One more thing: the "miraculous birth" refers to the birth of Jesus and the old men are the magi. . . what Auden is suggesting that the event when it occurred was little noticed by most

LindsayArden said...

I think this poem is a perfect example of the role empathy plays in society, perhaps today even more than when the poem was written. It explains that while one person is experiencing a dull, monotonous moment in their everyday life, somewhere else a baby is being born, a hero is dying, potentially world-altering things are going on. Even if the unaffected individual is one capable of the feeling of empathy, they may not be aware, specifically, of these other things going on, and thus cannot pay mind to them. In today's crazy, busy world, how can we really be aware of what does not occur within the confines of our environment? What this poem says to me is that empathy should be a constant, persistent emotion. We should always pay mind, and heart, to the mere idea of the pains and joys of others, because one day, those life-altering events will be our own, and we hope others will pay mind to us.

Lindsey Claro said...

This poem relates to the problem of feeling empathy for others in a few ways. I think that the poem is recognizing that all around us at every moment, there are people going on to live their lives. On any given day, someone might be going through a horrific ordeal and simultaneously someone might be having a usual ordinary day “just dully walking along” where nothing of importance happens at all. Whatever it is… life does go on and the sun continues to shine. We can see an event on the news that makes us have sympathy for someone, it’s only natural, but do we ever really feel true empathy for them? We most likely haven’t had to endure the suffering that they’ve gone through, so how can we be capable to understand another’s feelings and emotions, regarding their heartbreaking situation? We certainly can try but the ability to actually understand their pain is impossible unless we’ve experienced the same thing. To me, the poem is saying that life goes on and that in the midst of all the tragedy that surrounds us, we all “have somewhere to get to,” so we just “calmly sail on” and go about our lives.

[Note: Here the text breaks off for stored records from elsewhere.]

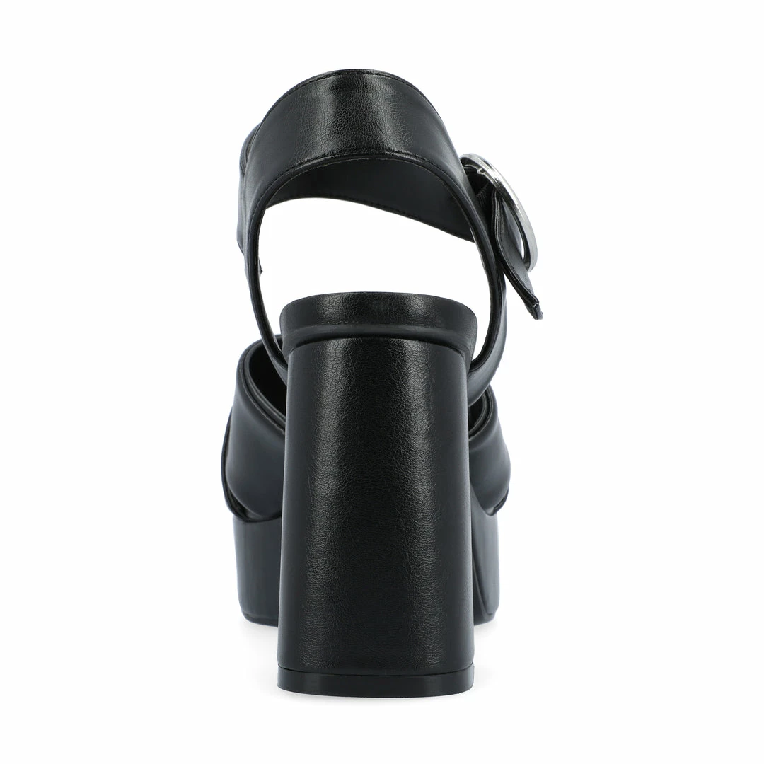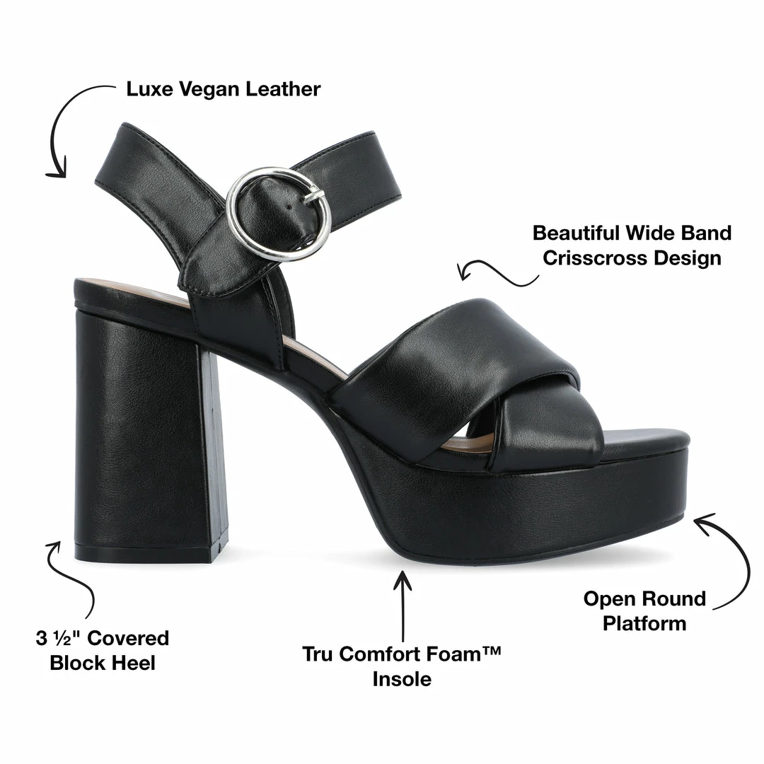 Our Akeely sandals from Journee Collection have a 4 mm Tru Comfort Foamβ’ insole that will leave your feet feeling more comfortable than before. The luxe vegan leather, platform, covered block heel, and crisscross straps will make you walk in style. Their open round toe will also add a lovely finishing touch to keep your outfit snatched. Heel Height – 3 1/2-inch Heel Type – Platform Platform Height – 1 1/4-inch Shoe Width – Medium Closure Type – Buckle Strap Type – Ankle Toe Style – Open Lining – Faux Leather Upper Material – Vegan Leather Outersole Material – Man-made Footbed – 4 MM Tru Comfort Foamβ’
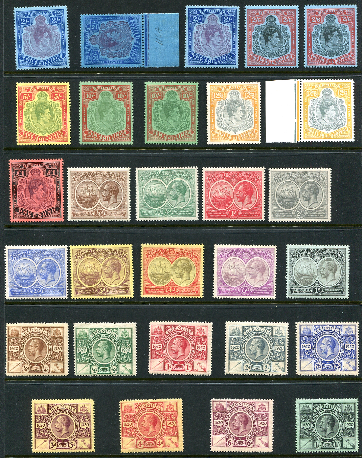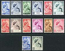 British Guiana #230-241, 253-267. Duo of complete mint sets, including the 1938-1952 George VI Pictorial series (Lightly Hinged) and 1954 QEII Pictorial series (Never Hinged). A very colourful duo of sets. 2026 Scott US$235.10 =
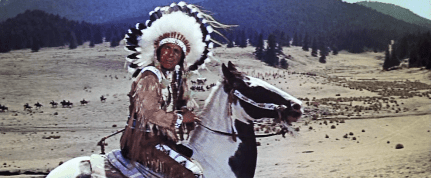 * J.-of-all-ethnicities-Naish had earlier played Sitting Bull in the musical Annie Get Your Gun, neither film are his finest of hours. For some reason Iron Eyes Cody is billed as “Famous T.V. Star” and “technical advisor”, which makes perfect 1950s movie sense since he was Indian by way of Sicily, born in Louisiana as Espera Oscar de Corti. “Iron Eyes” would reprise Crazy Horse for The Great Sioux Massacre (with Australian “Indian” Michael Pate taking over as Sitting Bull).

Allison Sofer Says said...

This poem relates to empathy in a few different ways. I agree that it focuses more on how people do not feel empathy for others, and how humans are sorely lacking because they do not feel empathy, rather than focus on people who do feel empathy for others. It talks about how people get stuck in an infinite loop of selfishness, focusing on themselves and their own. It has been like this for a long time, and will stay the same until something breaks the loop.

The poem also relates to how people do not wish to feel empathy, but wish to get themselves settled before worrying about others, and not wanting to help those in need. Empathy is not about wanting to do right, it is about actually doing right, and helping others. When you feel for those around you, you must have some urge to help them. The poem, rather starkly, emphasizing that humans do little to help others.

AndreaV said...

I think that the poem realtes to the problem of empathy by pointing out how often people go about their daily lives and often don't think about the suffering of others whether it be something that is happening else where or even right in front of them. That we miss events because we are often too absorbed in our own lives to realize that others are suffering.

This pertains to the chapter in that journalists often attempt to consciously attempt to do the same thing in an attempt to remain objective.

nekaiya trotman said...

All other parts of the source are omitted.